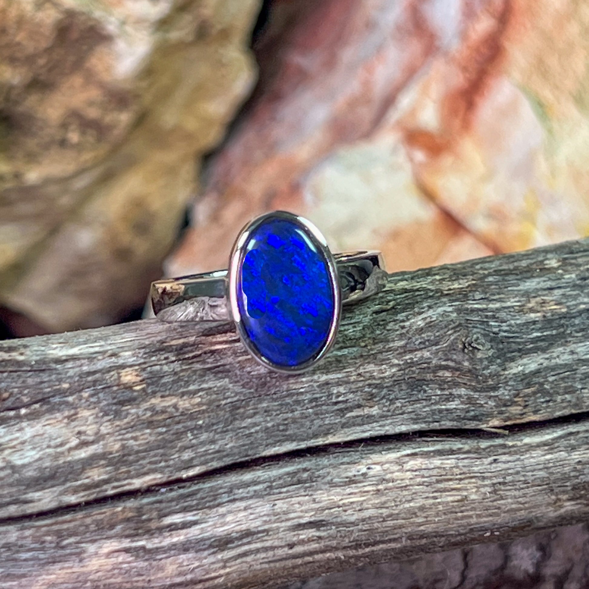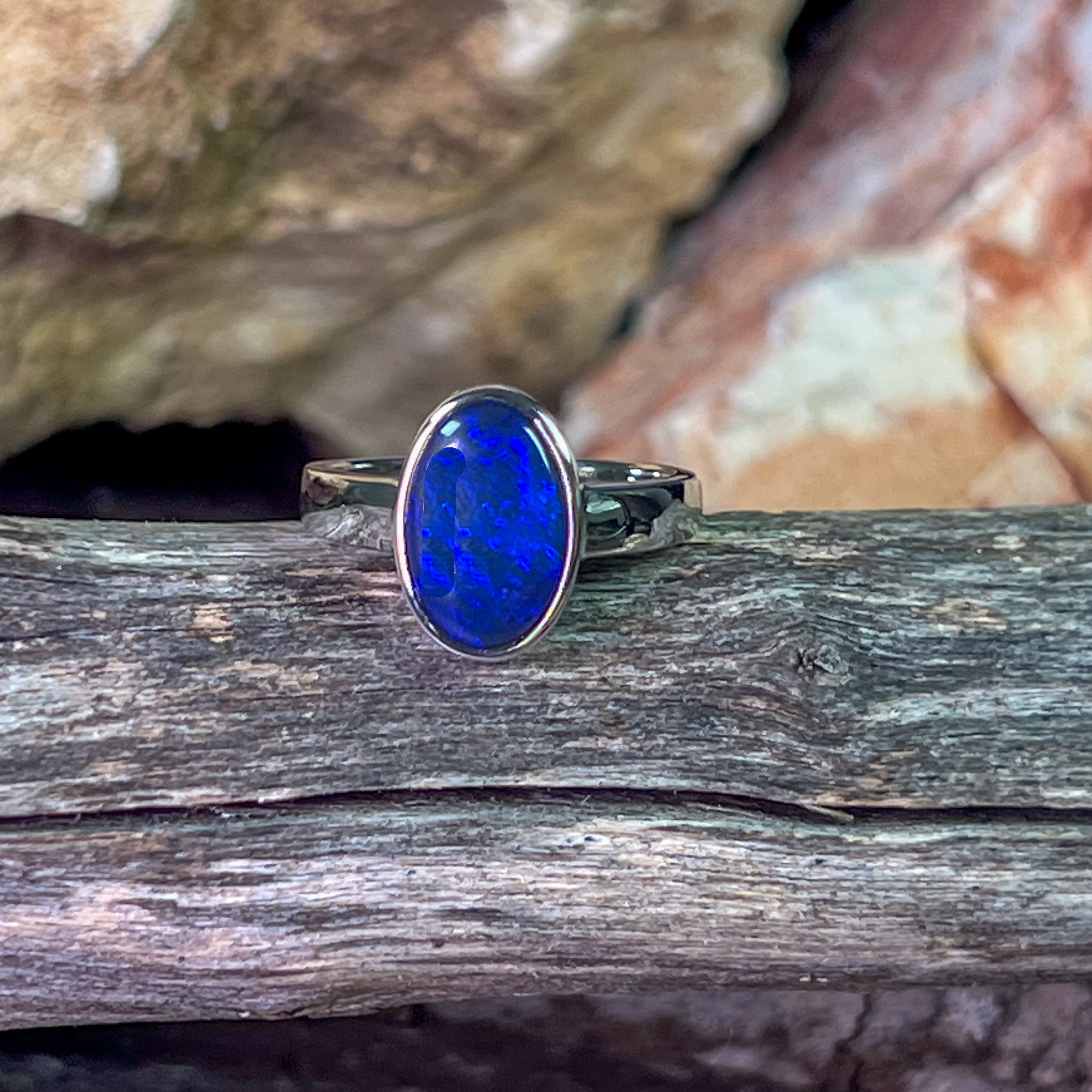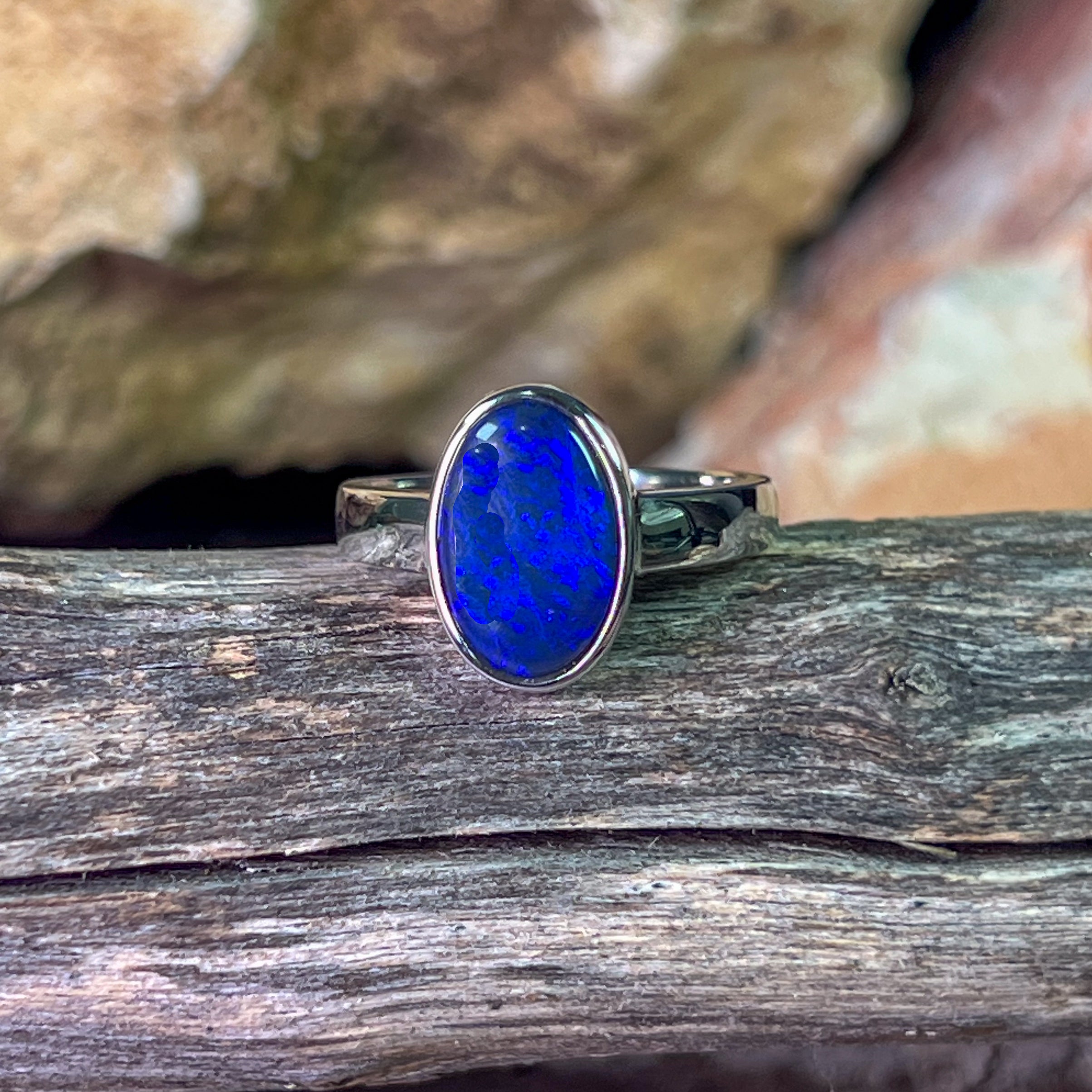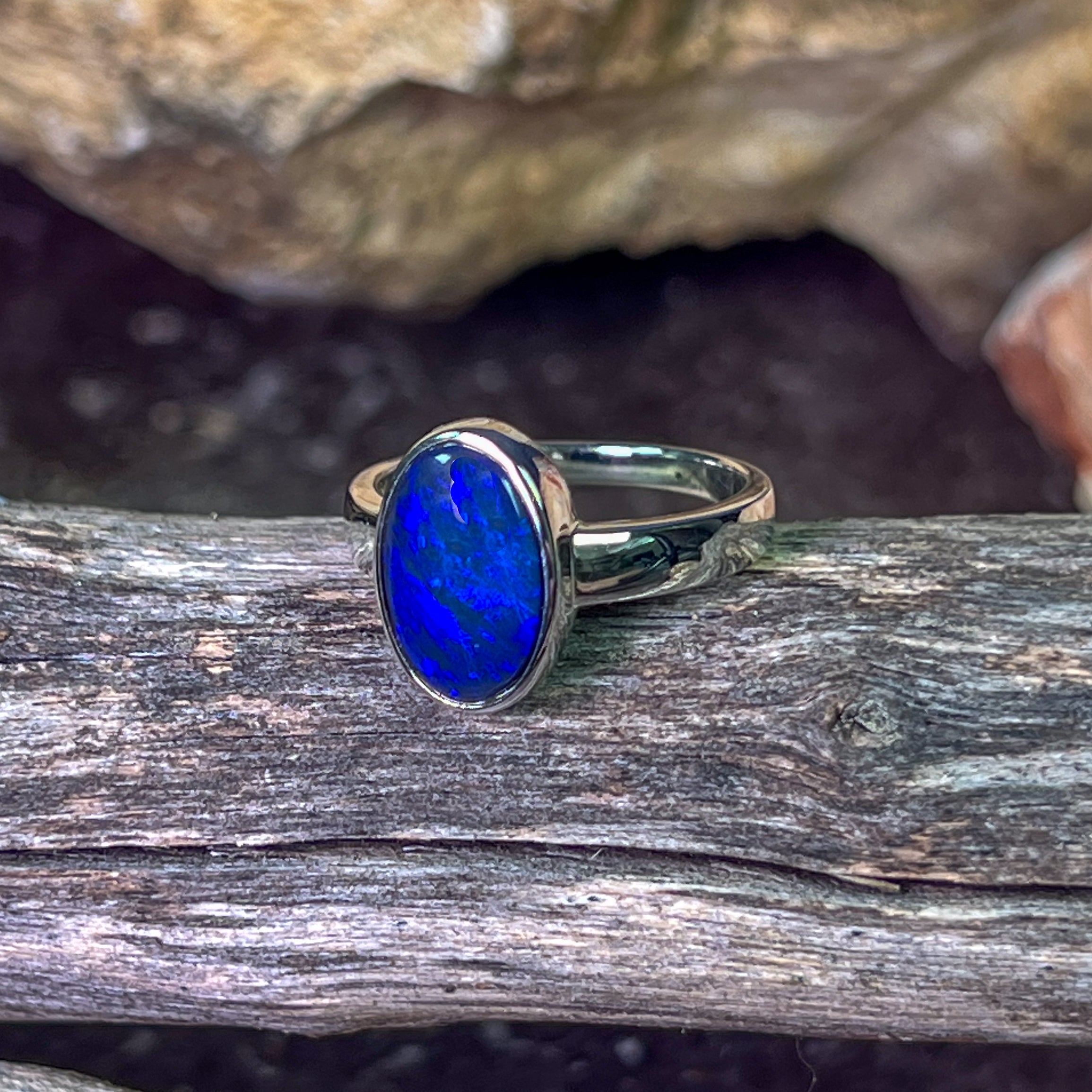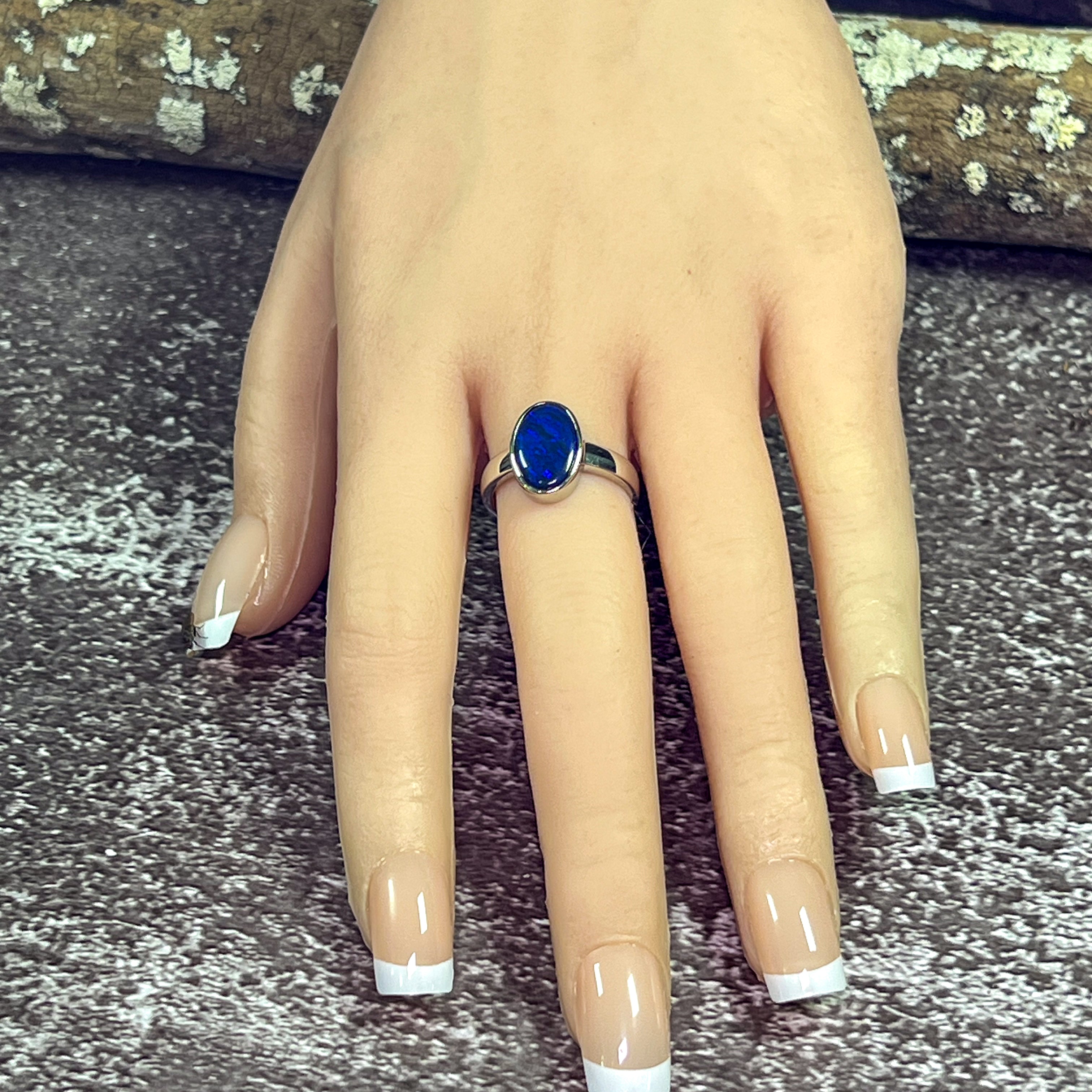Sterling Silver Blue Black Opal 2.16ct bezel set ring
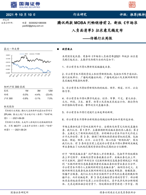 【国海证券】【20211010】20211010-国海证券-传媒行业周报:腾讯两款MOBA列畅销榜前2,新版《市场准入负面清单》征求意见稿发布-33页 行业研究
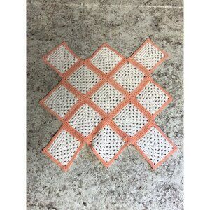 VTG Ivory & Peach Crocheted Rectangular Handmade Doily Artistic Design 16”x13”
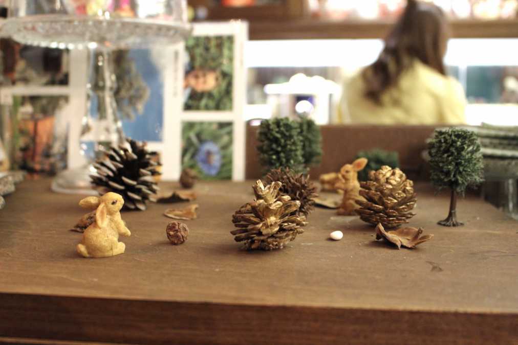 カウンターの上は小さな展示スペースに。松ぼっくりと木に囲まれて、2匹のうさぎがかくれんぼ。物語のワンシーンのようで和やかな気持ちになります。
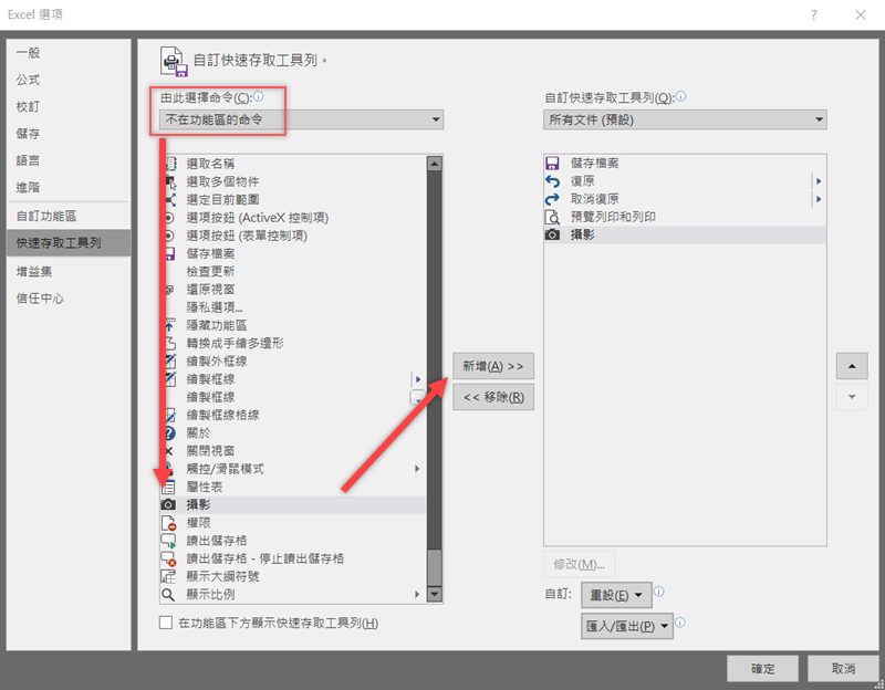 這個功能應該可以算是超隱藏的,以前阿湯真的不知道,我們要先把它找出來,進入 Excel 選項自訂快速存取工具列,選擇不在功能區的命令,往下拉找到「攝影」,再按新增。
****************
▶ [Try it]:
Leave out the pictures, then return every line of the data exactly.

▶ [Response]:
Sterling Silver Blue Black Opal 2.16ct bezel set ring
 【国海证券】【20211010】20211010-国海证券-传媒行业周报:腾讯两款MOBA列畅销榜前2,新版《市场准入负面清单》征求意见稿发布-33页 行业研究
 VTG Ivory & Peach Crocheted Rectangular Handmade Doily Artistic Design 16”x13”
 カウンターの上は小さな展示スペースに。松ぼっくりと木に囲まれて、2匹のうさぎがかくれんぼ。物語のワンシーンのようで和やかな気持ちになります。
 這個功能應該可以算是超隱藏的,以前阿湯真的不知道,我們要先把它找出來,進入 Excel 選項自訂快速存取工具列,選擇不在功能區的命令,往下拉找到「攝影」,再按新增。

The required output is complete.